### GIVEN RECORDS

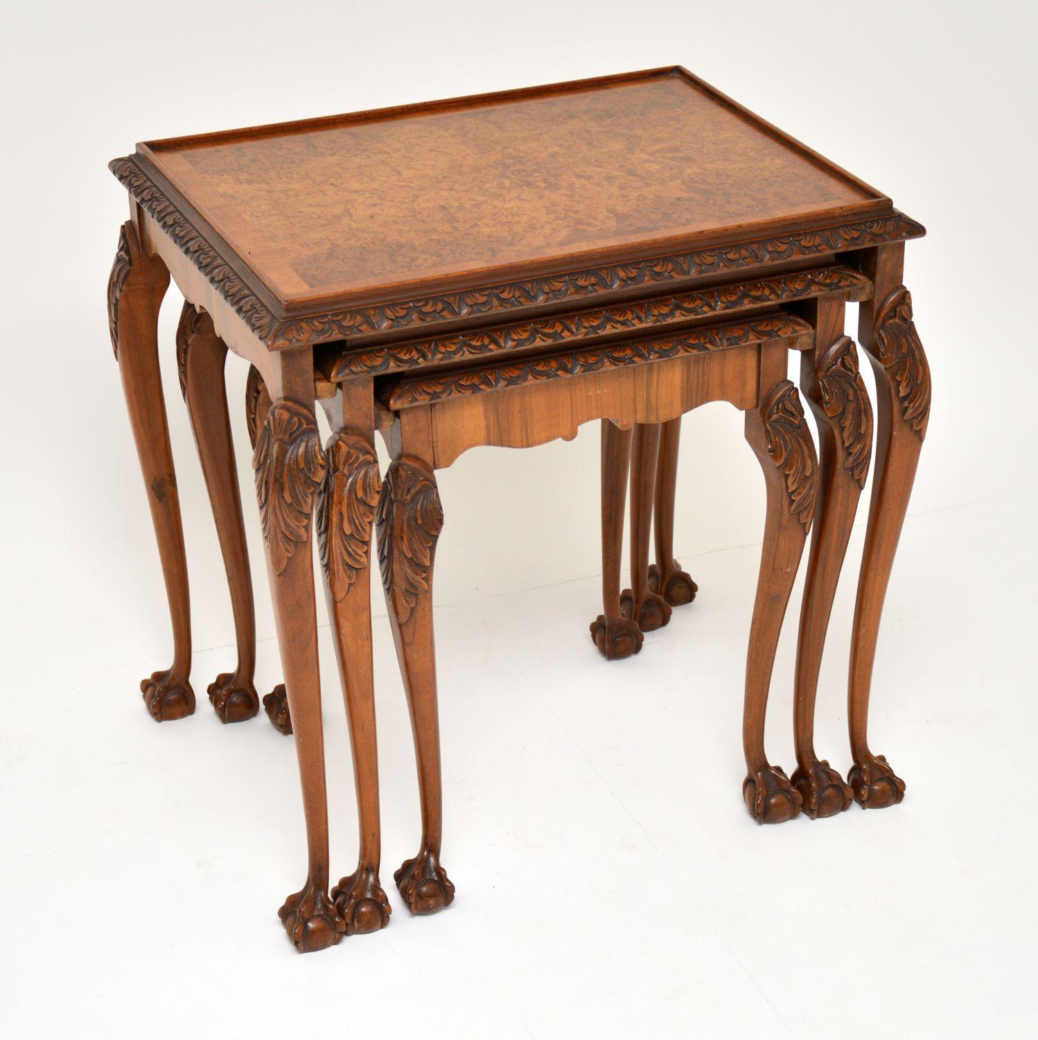 Antique Queen Anne Style Burr Walnut Nest of Tables (1 of 9)
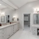 Taj Mahal Quartzite countertops and backsplash throughout
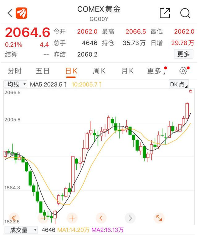 繼上周五國際金價突破2000美元關口后,11月29日紐約商品交易所COMEX12月黃金期貨持續(xù)收漲,截止29日八點,該指數(shù)暫報2064.7美元,連漲四日且創(chuàng)5月中旬以來的半年新高,也越來越逼近2080美元的歷史最高。
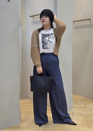 Tシャツですが、生地が綺麗目なのでデニムと合わせてもカジュアルになりすぎずコーデのポイントになってくれます。
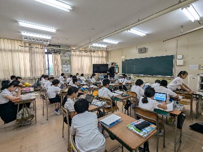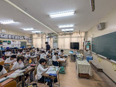 社会科の授業の様子です。1年間の米作りの仕事をまとめていました。近くに田んぼがないので、資料から読み取ることしかできません。でもしっかり覚えておきましょうね。
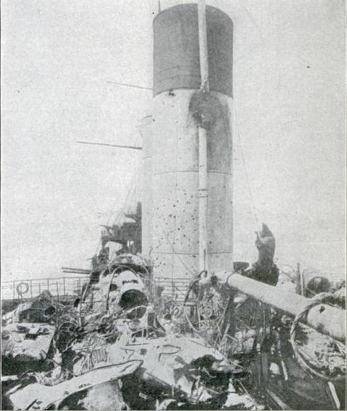 - 발트 함대는 기함 미카사를 집중 포격했지만, 도고 헤이하치로는 최신예이자 가장 장갑이 두꺼운 미카사에 피탄을 집중시켜 다른 함선에 피해가 미치지 않도록 의도했다.[63] 도고 헤이하치로는 미카사가 대파하고 자신이 전사하더라도 정자 형태를 완성하는 것을 최우선으로 했다.
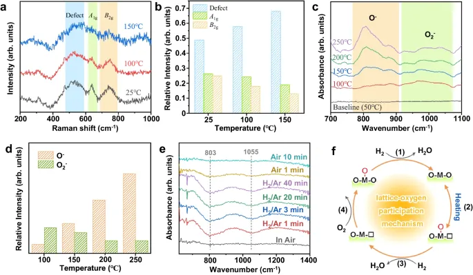图:动态反应过程研究。利用原位拉曼光谱和原位DRIFTS分析了Ge-SnO2在不同温度和不同气氛下的表面状态变化,揭示了晶格氧在氢气传感反应中的动态转化过程。

######

- HOW TO COMPLETE THIS TASK -
Starting at the line that contains "- 발트 함대는 기함", write out every line through the end of the entries above exactly, and omit the pictures.

- ANSWER FOR THIS EXERCISE -
 - 발트 함대는 기함 미카사를 집중 포격했지만, 도고 헤이하치로는 최신예이자 가장 장갑이 두꺼운 미카사에 피탄을 집중시켜 다른 함선에 피해가 미치지 않도록 의도했다.[63] 도고 헤이하치로는 미카사가 대파하고 자신이 전사하더라도 정자 형태를 완성하는 것을 최우선으로 했다.
图:动态反应过程研究。利用原位拉曼光谱和原位DRIFTS分析了Ge-SnO2在不同温度和不同气氛下的表面状态变化,揭示了晶格氧在氢气传感反应中的动态转化过程。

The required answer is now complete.